NGOs urge government to act on vehicle noise

Green campaigners are calling for tighter vehicle noise standards following the publication of a report linking transport noise to serious public health impacts.

Almost half of all Europeans are exposed to traffic noise levels potentially dangerous to health, according to research commissioned by the sustainable transport campaign group European Federation for Transport and Environment (T&E).1 Policymakers are urged to introduce stricter controls on vehicle-related noise.

Road and rail noise is linked to an estimated 50,000 fatal heart attacks and 200,000 cases of cardiovascular disease annually across Europe, according to the report carried out by Dutch environmental consultants CE Delft. The figures were extrapolated from public health statistics published for Denmark, Germany and the Netherlands. Such data are not yet available for the UK.

Evidence is mounting on the public health impacts of environmental noise (see p 28 ). The World Health Organization’s threshold for "serious annoyance" and onset of negative health effects from environmental noise is 55 decibels. The T&E study found that around 210 million citizens in the European Union are regularly exposed to 55dB or more of road noise and 35 million to the same level of rail noise. The costs to society, including health services and sick days, are at least €40 billion per year, T&E estimates.

The report refers to a case study in the Netherlands. The annual ‘burden of disease’ to the population due to traffic noise - estimated in terms of years of life lost due to premature death and years lived with a reduced level of health - was found to be almost double that of air pollution, but half that of traffic accidents.

The annual health loss due to traffic noise is shown to have increased between 1980 and 2000, and is projected to rise further over the next twenty years if there is no change in noise policy.

Nina Renshaw, noise policy officer at T&E, commented: "This research shows that the lack of decent regulation combined with increased traffic and a trend towards bigger, more powerful vehicles is literally proving to be a lethal combination for Europeans.

"Unlike air pollution, which most major European cities are now starting to tackle, noise has been ignored for decades…" Lack of reliable data on the health effects of noise and difficulty in quantifying the effects has been a hindrance to noise policy development.

Guidance for estimating the burden of disease from environmental noise will come later this year from the WHO when it publishes the results of a three-year pan-European study in December.

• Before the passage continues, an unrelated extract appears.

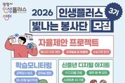 [ 타임즈 - 김시창 기자 ] 광명시 인생플러스센터가 ‘2026년 인생플러스 빛나는 봉사단’ 제3기 봉사자 40명을 2월 23일부터 3월 11일까지 모집한다. ‘인생플러스 빛나는 봉사단’은 40~64세 광명시 중장년이 지닌 지식과 역량을 평생학습 자원으로 확장해 지역공동체에 필요한 변화를 함께 만들어가는 ‘재능활용 학습실천’ 자원봉사 활동이다. 지난 1‧2기 활동에는 총 50명의 봉사자가 참여해 ▲아동 학습보조 및 책놀이 ▲1:1 디지털 코칭 ‘신중년 디지털 아지트’ ▲어르신 아로마 향기테라피 ▲중장년 드론 조종 체험 등 다양한 활동을 펼쳤다. 이들은 총 413회, 누적 1천358시간에 걸친 봉사활동으로 지역사회에 활력을 불어넣었다는 평가를 받았다. 이번 3기 모집 분야는 크게 현장지원형(10명)과 프로젝트형(30명)으로 나뉜다. 현장지원형은 센터 프로그램 운영과 행사 안내를 돕는 ‘인생플러스 서포터즈’와 교육강사 보조 및 모니터링 일지를 작성하는 ‘학습 모니터링’으로 운영한다. 프로젝트형은 ‘신중년 디지털 아지트(1:1 코칭)’, ‘초등학생 책 낭독놀이’를 비롯해 봉사자가 직접 프로그

Based on its research, T&E claims the most effective way to reduce noise is to address it at source. Existing technologies for vehicles, tyres and road surfaces could together cut road noise levels by five decibels, equal to a reduction of 70%, it says. For rail traffic, regular polishing of railway tracks could achieve a noise reduction of five decibels, while upgrading the brake blocks of trains could reduce noise by a similar magnitude.

Vehicle noise emission limits in the UK have not been tightened since 1996 in accordance with the standards established by a 1992 EC Directive (ENDS Report 261, p 36 ). Revised tyre noise limits have repeatedly been postponed, although proposals for a new EU tyre noise Directive are expected in summer.

"The publication of this report is opportune," said Mary Stevens, noise policy officer at Environmental Protection UK. "As we await imminent consultation on the noise strategy England, and publication of the first noise maps for England and Wales, we hope this research will encourage government to accelerate integrated action towards managing transport noise…"

The UK was among only seven EU member states to submit the first round of completed noise maps to the European Commission on time at the end of last year, as required by the 2002 environmental noise Directive (ENDS Report 327, pp 50-51 ).

Noise action plans (NAPs) to control and reduce the harmful effects of noise exposure, if necessary, for these mapped areas must be in place by 18 July 2008 and submitted to the Commission six months later. A secondary round of mapping and action planning for lower priority areas is due to take place in 2012-13.

A spokesperson for the Environment Department (DEFRA) confirmed that the T&E study along with other research will feed into the action planning process. A report on environmental noise and health in the UK by a joint advisory group led by the Department of Health is due for publication in summer. A project funded by the Greater London Authority on the effects of noise and physical health risk in the capital will also shed more light on the scale and magnitude of the problem in this country.

DEFRA has fallen behind competent authorities elsewhere in the UK towards meeting the deadlines set by the environmental noise Directive. It has yet to publicise the full suite of first round noise maps and is still drawing up guidance on action planning.

In contrast, Scottish ministers have already consulted publicly on the draft NAP guidance for Scotland and are now working on a "robust" methodology for prioritisation.

The national noise strategy - originally promised for 2007 (ENDS Report 327, p 50-51 ) - has been subject to a number of delays rumoured to be the result of under-resourcing and clashes with other government departments. A DEFRA spokesperson told ENDS that work on the policy framework to cover all sources of ambient noise is still under way, but the department would not commit to a consultation date at the present time.